The cultural context.

USA Gymnastics restructured substantially after the Larry Nassar case and related abuse investigations. SafeSport is now the federally-authorized investigator for the sport. The Minor Athlete Abuse Prevention Policies apply to all USA Gymnastics-affiliated coaches and staff.

For parents evaluating a gym:

Ask about SafeSport training compliance. Annual refresh is the bar.

Ask about background checks. Fingerprint preferred over name-only.

Ask about adult-minor presence rules. No closed-door 1-on-1 with minor, no after-hours unsupervised access.

Observe the gym culture. Is body-shape commentary part of the coaching language? Is the coach-athlete dynamic respectful?

The published research on gymnastics culture and athlete welfare has shifted considerably. Programs that have done the cultural work look different from programs that have not.

The catastrophic risks, in proportion.

Sudden cardiac arrest is rare. automated external defibrillator (AED) on-site, cardiopulmonary resuscitation (CPR)-trained staff. The 90-second AED standard.

Cervical-spine injuries from apparatus falls. Rare. Spotter discipline, mat coverage, age-appropriate skill progression.

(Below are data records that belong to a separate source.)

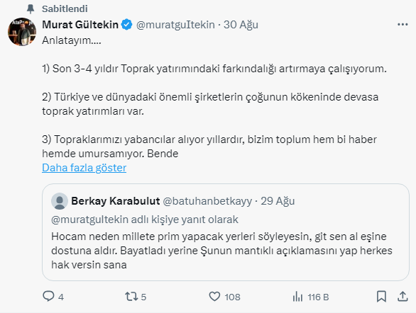 Gayrimenkul Uzmanı Murat Gültekin, sosyal medya hesabı X'ten neden toprağa yatırım yapılması gerektiğini maddeler halinde açıkladı. İşte o paylaşım....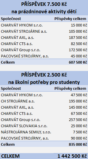 Příspěvek byl určen rodiči dítěte/dětí, který je zaměstnán v hlavním pracovním poměru v některé z firem skupiny CHARVÁT a splňuje jednu z podmínek vyhlášených nadačním fondem: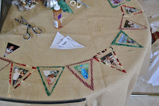 Cut all your parts out, the pennant backing, the burlap frame (or matting) and the little images in the triangular shapes. I made 13 pennants. Obviously you can make however many you want.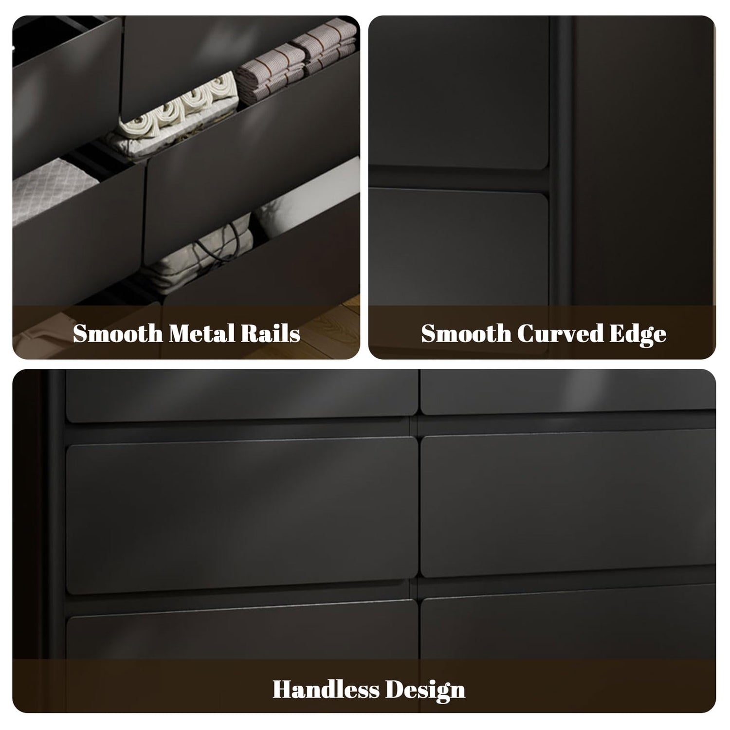 - 【User-Friendly Design】Designed with hidden handles, each drawer offers a sleek, modern look that enhances your home’s aesthetic while preventing accidental scratches from protruding grips,ideal for families with kids or pets. Pre-installed with smooth metal slides, the drawers glide open and close effortlessly, ensuring a seamless experience every time. Even with heavy use, these durable slides remain undamaged, protecting the furniture and providing long-lasting performance.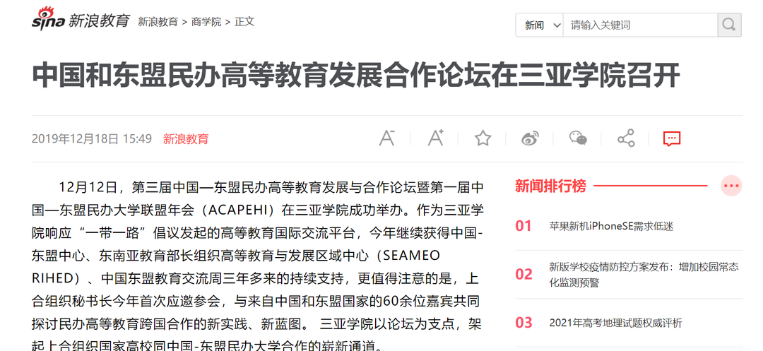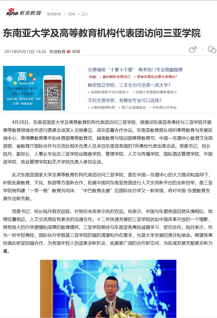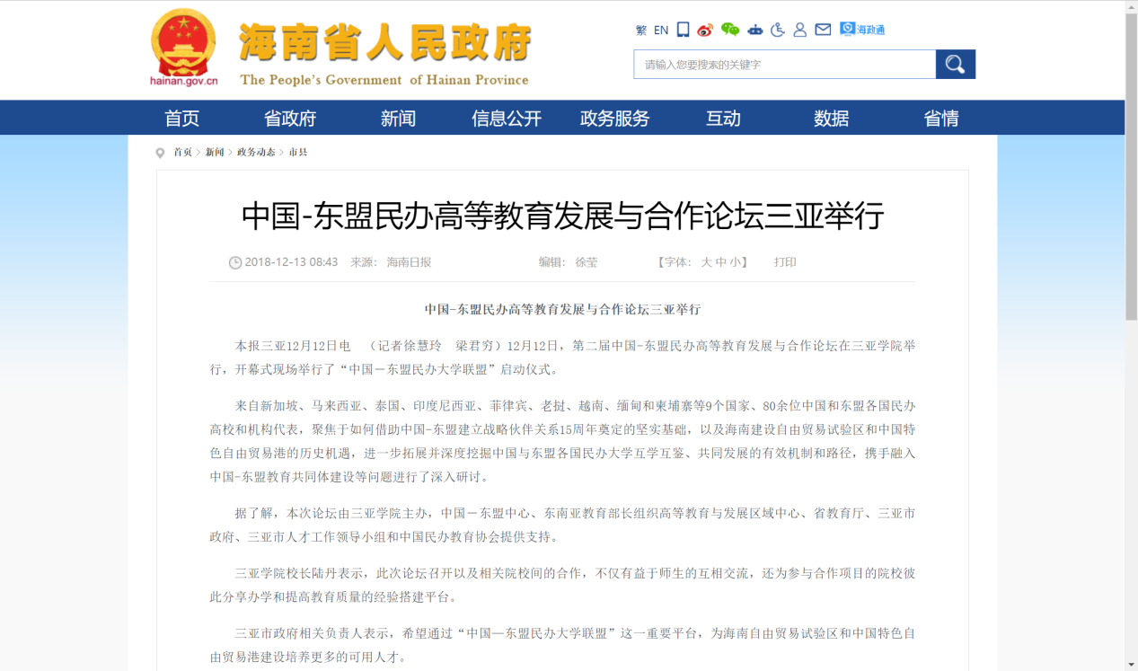 - 中国新闻网:首届“中国—东盟民办大学联盟”年会在三亚召开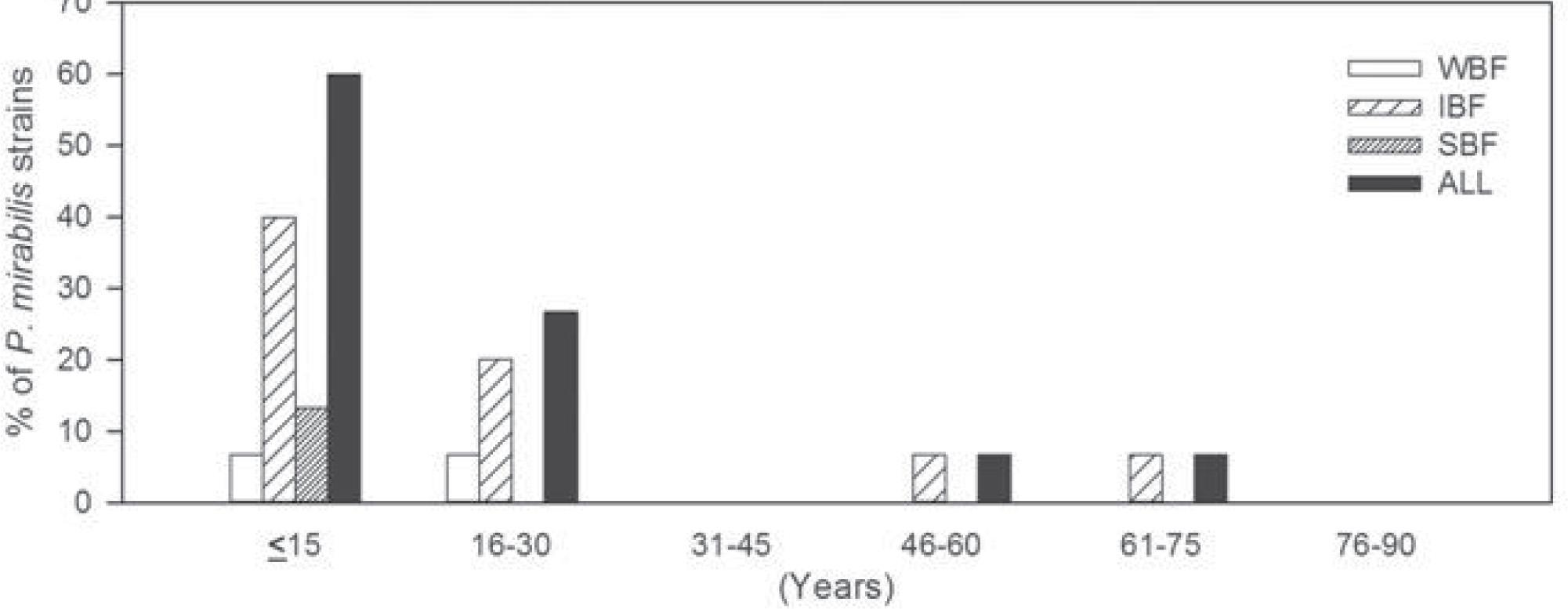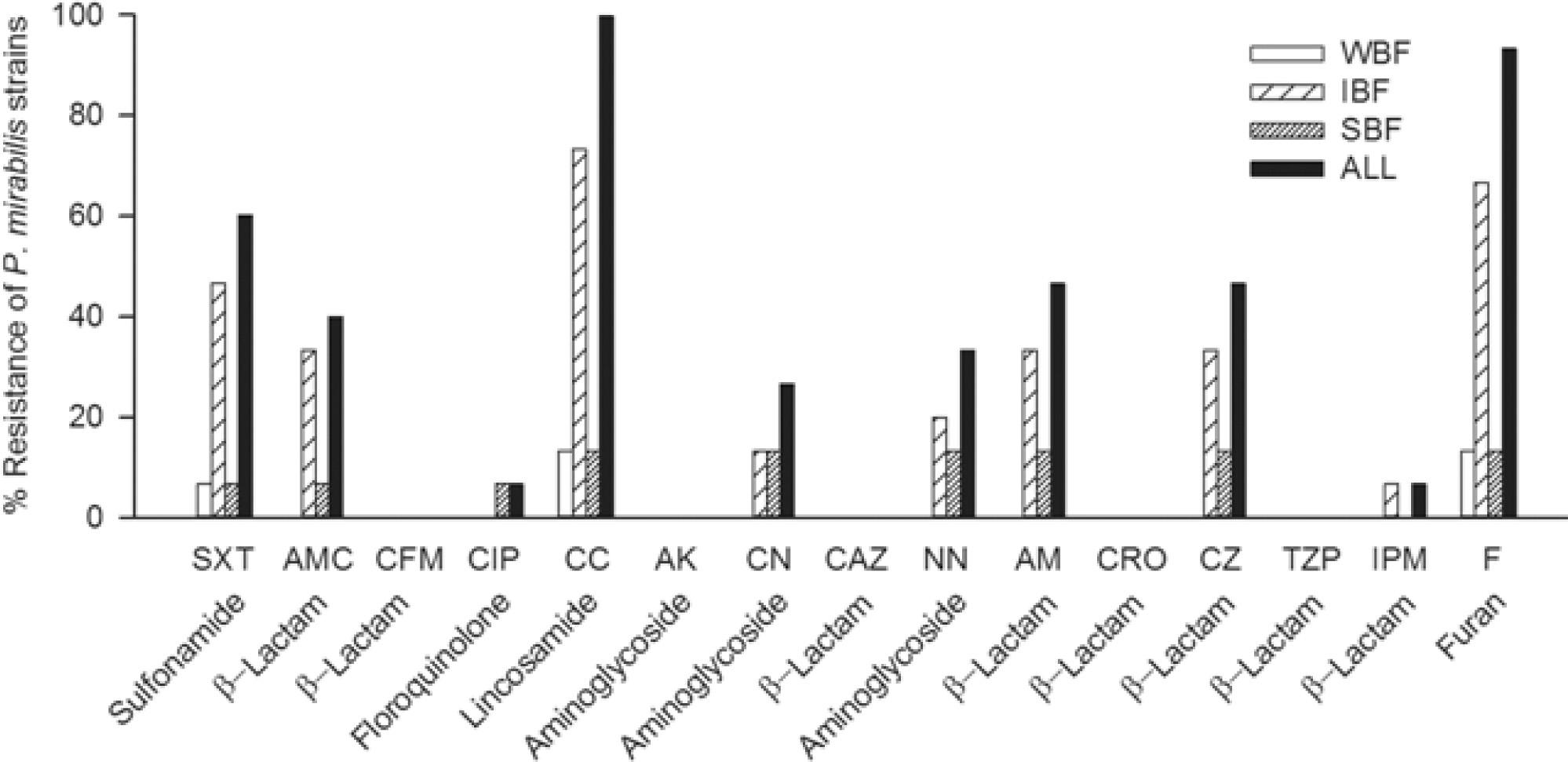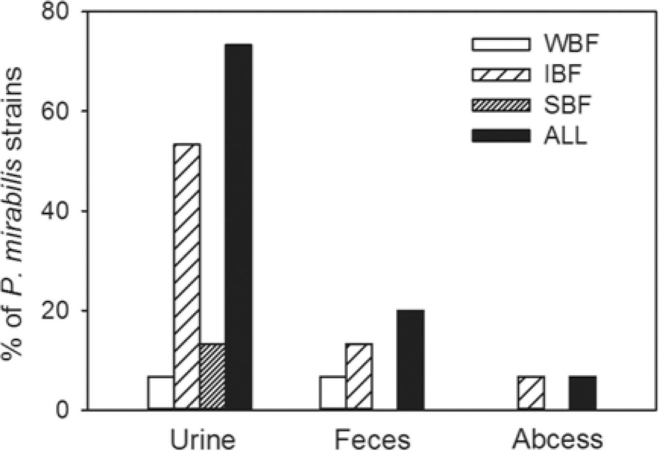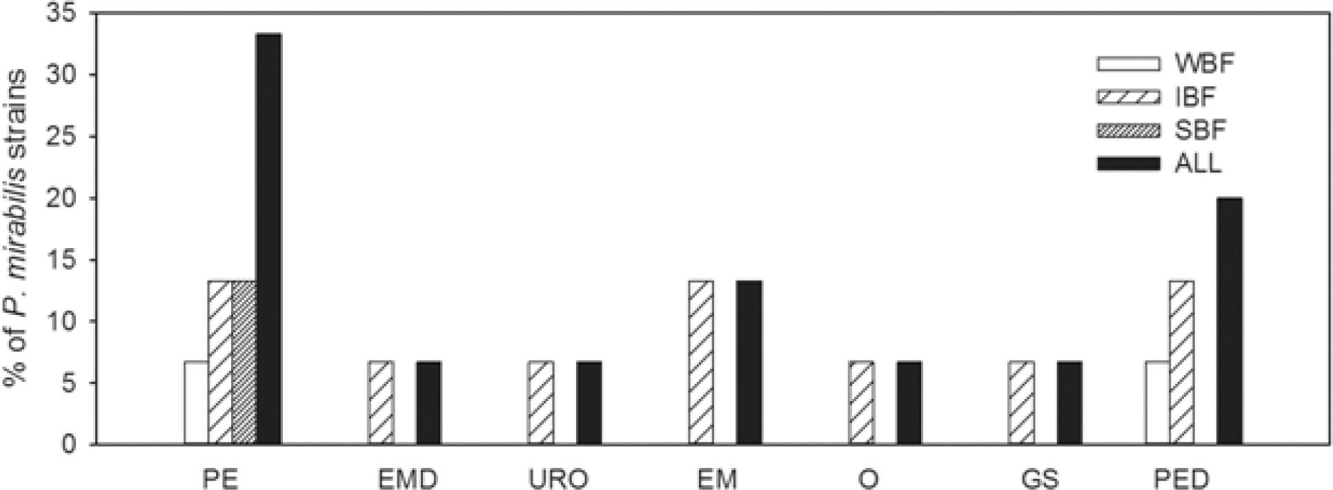 | WBF P. mirabilis strains (%) | IBF P. mirabilis strains (%) | SBF P. mirabilis strains (%) | |

Eating disorders with serious physical sequelae. Real and documented. Programs that monitor athlete welfare beyond skill performance reduce incidence.

What parents should ask before signing up.

“What is your skill-progression policy, and how do you decide a kid is ready for a new skill?”

“What is your training-volume target by age, and how does it compare to AAP recommendations?”

“What is your approach to body composition, weigh-ins, and body-shape conversation?”

“What is your SafeSport training and background-check policy?”

“What is the rule for one adult alone with a single athlete?”

A program with answers is one that has done the work. A program that gets defensive on the cultural questions is one to question harder.

The honest read. Gymnastics produces both elite athletes and a documented injury and culture-risk profile that other sports do not match. The kids who flourish are usually in programs with strong technical coaching, AAP-aligned volume management, transparent culture practices, and SafeSport-compliant adult-minor norms. The kids who do not are often in programs where high training volumes, body-focused culture, and lax SafeSport standards combine.

The good programs exist. The work for parents is identifying which is which.